→ Provided information
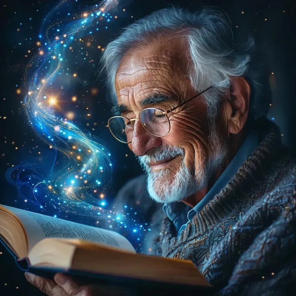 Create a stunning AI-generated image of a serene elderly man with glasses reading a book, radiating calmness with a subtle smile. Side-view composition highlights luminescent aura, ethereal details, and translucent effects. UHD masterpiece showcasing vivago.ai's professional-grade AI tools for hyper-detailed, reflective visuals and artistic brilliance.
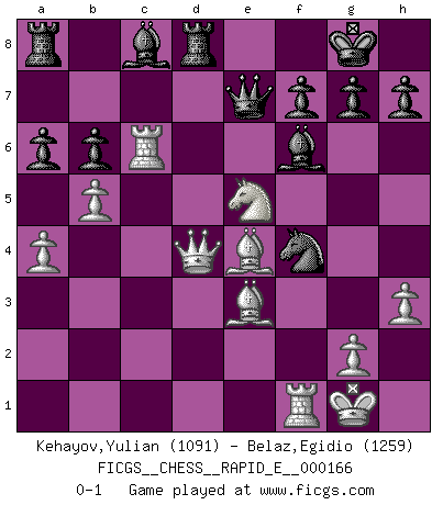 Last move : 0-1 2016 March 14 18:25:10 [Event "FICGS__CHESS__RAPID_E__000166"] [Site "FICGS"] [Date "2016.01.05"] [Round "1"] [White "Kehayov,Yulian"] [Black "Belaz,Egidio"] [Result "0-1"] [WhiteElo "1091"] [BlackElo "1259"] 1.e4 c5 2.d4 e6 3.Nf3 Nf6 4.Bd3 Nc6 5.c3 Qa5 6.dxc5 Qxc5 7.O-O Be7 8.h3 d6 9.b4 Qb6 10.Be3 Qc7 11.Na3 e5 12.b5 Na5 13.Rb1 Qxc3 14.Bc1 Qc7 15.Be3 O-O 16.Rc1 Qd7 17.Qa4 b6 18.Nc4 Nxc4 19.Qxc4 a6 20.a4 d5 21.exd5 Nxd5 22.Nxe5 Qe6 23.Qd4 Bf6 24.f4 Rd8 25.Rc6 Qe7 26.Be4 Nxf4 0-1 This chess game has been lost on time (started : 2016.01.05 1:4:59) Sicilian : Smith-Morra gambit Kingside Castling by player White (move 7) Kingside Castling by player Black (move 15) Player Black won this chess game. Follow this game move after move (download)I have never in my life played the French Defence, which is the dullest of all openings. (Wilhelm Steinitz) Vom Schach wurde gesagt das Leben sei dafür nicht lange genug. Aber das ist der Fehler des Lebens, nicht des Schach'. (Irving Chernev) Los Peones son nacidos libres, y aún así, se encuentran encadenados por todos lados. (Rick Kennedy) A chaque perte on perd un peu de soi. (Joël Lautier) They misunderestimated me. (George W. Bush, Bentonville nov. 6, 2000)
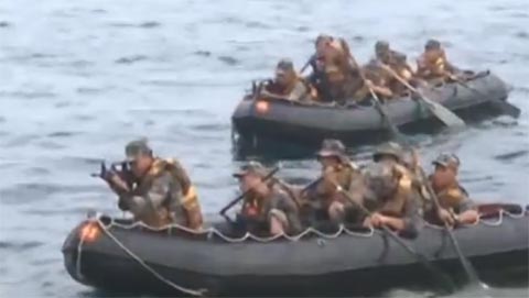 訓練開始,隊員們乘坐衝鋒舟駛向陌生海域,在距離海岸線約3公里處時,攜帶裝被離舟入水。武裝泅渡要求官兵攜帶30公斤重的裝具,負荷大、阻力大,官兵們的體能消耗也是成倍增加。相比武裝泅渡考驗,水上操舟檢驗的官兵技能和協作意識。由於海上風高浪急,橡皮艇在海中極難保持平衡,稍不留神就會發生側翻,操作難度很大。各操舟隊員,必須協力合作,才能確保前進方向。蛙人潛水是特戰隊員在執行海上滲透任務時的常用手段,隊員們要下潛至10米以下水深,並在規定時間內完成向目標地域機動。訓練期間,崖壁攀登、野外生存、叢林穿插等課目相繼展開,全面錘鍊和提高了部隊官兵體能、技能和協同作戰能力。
* * *
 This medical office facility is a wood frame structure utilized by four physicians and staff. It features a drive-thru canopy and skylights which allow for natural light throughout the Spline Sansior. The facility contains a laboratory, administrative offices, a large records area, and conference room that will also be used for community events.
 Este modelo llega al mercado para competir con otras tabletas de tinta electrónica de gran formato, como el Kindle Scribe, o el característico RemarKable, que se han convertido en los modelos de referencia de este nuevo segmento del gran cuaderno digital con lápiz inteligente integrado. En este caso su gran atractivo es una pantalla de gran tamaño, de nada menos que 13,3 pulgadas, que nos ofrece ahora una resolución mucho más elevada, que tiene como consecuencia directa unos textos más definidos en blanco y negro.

→ Aim of the task
Each line above starting at the one holding "Create a stunning" and ending at the one holding "Last move : 0-1" should be set down exactly as it stands, both ends included, with no pictures.

→ Written reply
 Create a stunning AI-generated image of a serene elderly man with glasses reading a book, radiating calmness with a subtle smile. Side-view composition highlights luminescent aura, ethereal details, and translucent effects. UHD masterpiece showcasing vivago.ai's professional-grade AI tools for hyper-detailed, reflective visuals and artistic brilliance.
 Last move : 0-1 2016 March 14 18:25:10 [Event "FICGS__CHESS__RAPID_E__000166"] [Site "FICGS"] [Date "2016.01.05"] [Round "1"] [White "Kehayov,Yulian"] [Black "Belaz,Egidio"] [Result "0-1"] [WhiteElo "1091"] [BlackElo "1259"] 1.e4 c5 2.d4 e6 3.Nf3 Nf6 4.Bd3 Nc6 5.c3 Qa5 6.dxc5 Qxc5 7.O-O Be7 8.h3 d6 9.b4 Qb6 10.Be3 Qc7 11.Na3 e5 12.b5 Na5 13.Rb1 Qxc3 14.Bc1 Qc7 15.Be3 O-O 16.Rc1 Qd7 17.Qa4 b6 18.Nc4 Nxc4 19.Qxc4 a6 20.a4 d5 21.exd5 Nxd5 22.Nxe5 Qe6 23.Qd4 Bf6 24.f4 Rd8 25.Rc6 Qe7 26.Be4 Nxf4 0-1 This chess game has been lost on time (started : 2016.01.05 1:4:59) Sicilian : Smith-Morra gambit Kingside Castling by player White (move 7) Kingside Castling by player Black (move 15) Player Black won this chess game. Follow this game move after move (download)I have never in my life played the French Defence, which is the dullest of all openings. (Wilhelm Steinitz) Vom Schach wurde gesagt das Leben sei dafür nicht lange genug. Aber das ist der Fehler des Lebens, nicht des Schach'. (Irving Chernev) Los Peones son nacidos libres, y aún así, se encuentran encadenados por todos lados. (Rick Kennedy) A chaque perte on perd un peu de soi. (Joël Lautier) They misunderestimated me. (George W. Bush, Bentonville nov. 6, 2000)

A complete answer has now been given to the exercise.